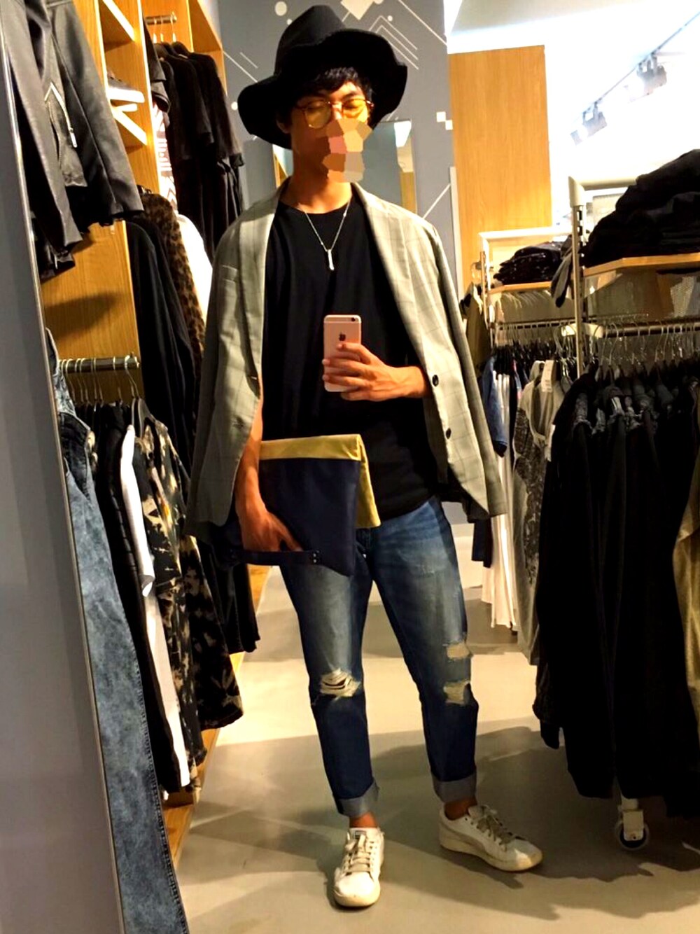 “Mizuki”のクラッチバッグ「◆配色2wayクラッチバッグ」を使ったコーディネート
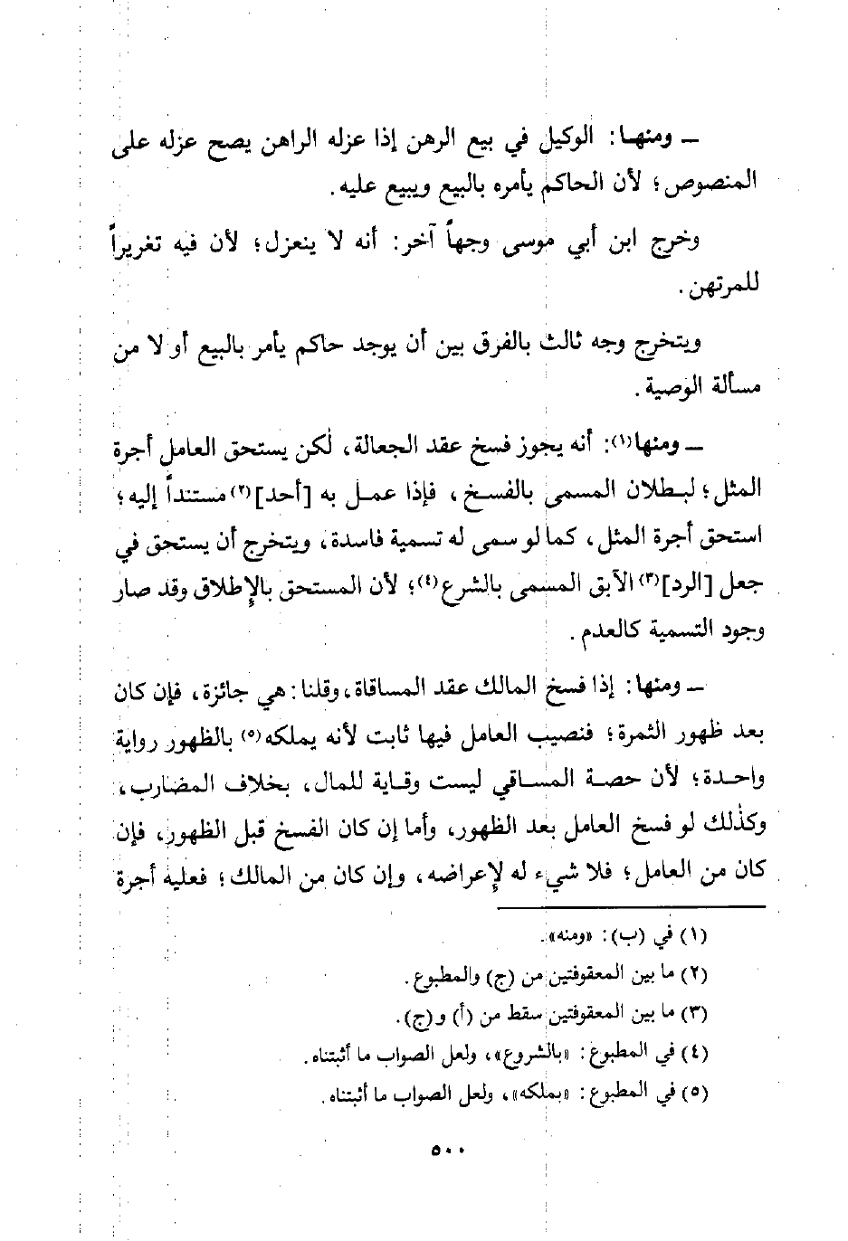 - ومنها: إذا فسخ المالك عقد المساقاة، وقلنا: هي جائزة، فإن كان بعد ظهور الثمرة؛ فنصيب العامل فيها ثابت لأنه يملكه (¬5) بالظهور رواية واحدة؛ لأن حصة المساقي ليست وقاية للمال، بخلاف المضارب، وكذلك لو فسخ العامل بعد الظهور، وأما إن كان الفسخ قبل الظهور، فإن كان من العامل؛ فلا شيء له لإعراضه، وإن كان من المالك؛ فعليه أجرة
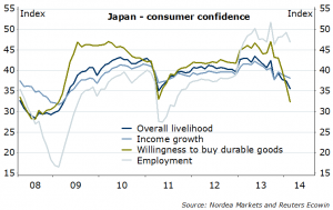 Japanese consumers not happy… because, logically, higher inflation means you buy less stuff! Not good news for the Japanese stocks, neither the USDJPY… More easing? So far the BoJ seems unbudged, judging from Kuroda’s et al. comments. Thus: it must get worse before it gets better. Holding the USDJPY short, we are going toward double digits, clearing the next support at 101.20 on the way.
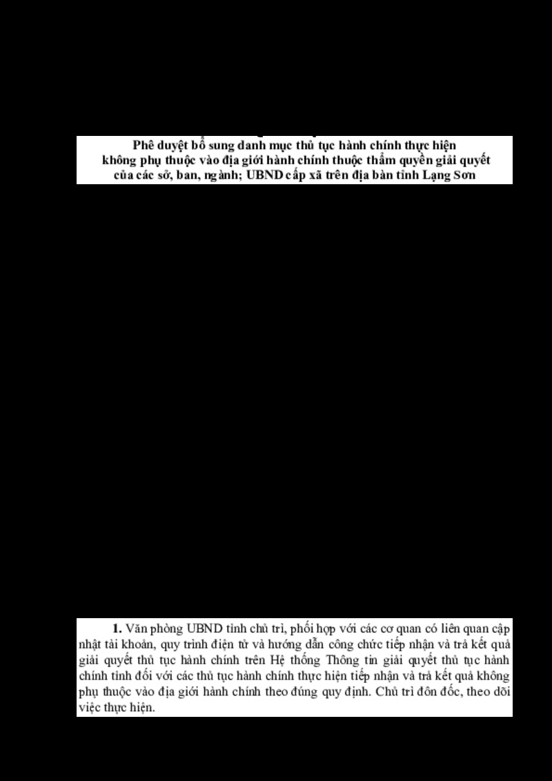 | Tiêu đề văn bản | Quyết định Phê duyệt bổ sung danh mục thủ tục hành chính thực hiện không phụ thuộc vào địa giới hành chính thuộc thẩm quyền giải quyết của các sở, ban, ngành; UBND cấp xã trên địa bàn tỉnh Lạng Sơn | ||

----

Your assignment
The response is to contain exactly the lines from the beginning of the data through the line containing "Japanese consumers not", both ends included, and nothing else; omit the pictures.

Response to this task
 “Mizuki”のクラッチバッグ「◆配色2wayクラッチバッグ」を使ったコーディネート
 - ومنها: إذا فسخ المالك عقد المساقاة، وقلنا: هي جائزة، فإن كان بعد ظهور الثمرة؛ فنصيب العامل فيها ثابت لأنه يملكه (¬5) بالظهور رواية واحدة؛ لأن حصة المساقي ليست وقاية للمال، بخلاف المضارب، وكذلك لو فسخ العامل بعد الظهور، وأما إن كان الفسخ قبل الظهور، فإن كان من العامل؛ فلا شيء له لإعراضه، وإن كان من المالك؛ فعليه أجرة
 Japanese consumers not happy… because, logically, higher inflation means you buy less stuff! Not good news for the Japanese stocks, neither the USDJPY… More easing? So far the BoJ seems unbudged, judging from Kuroda’s et al. comments. Thus: it must get worse before it gets better. Holding the USDJPY short, we are going toward double digits, clearing the next support at 101.20 on the way.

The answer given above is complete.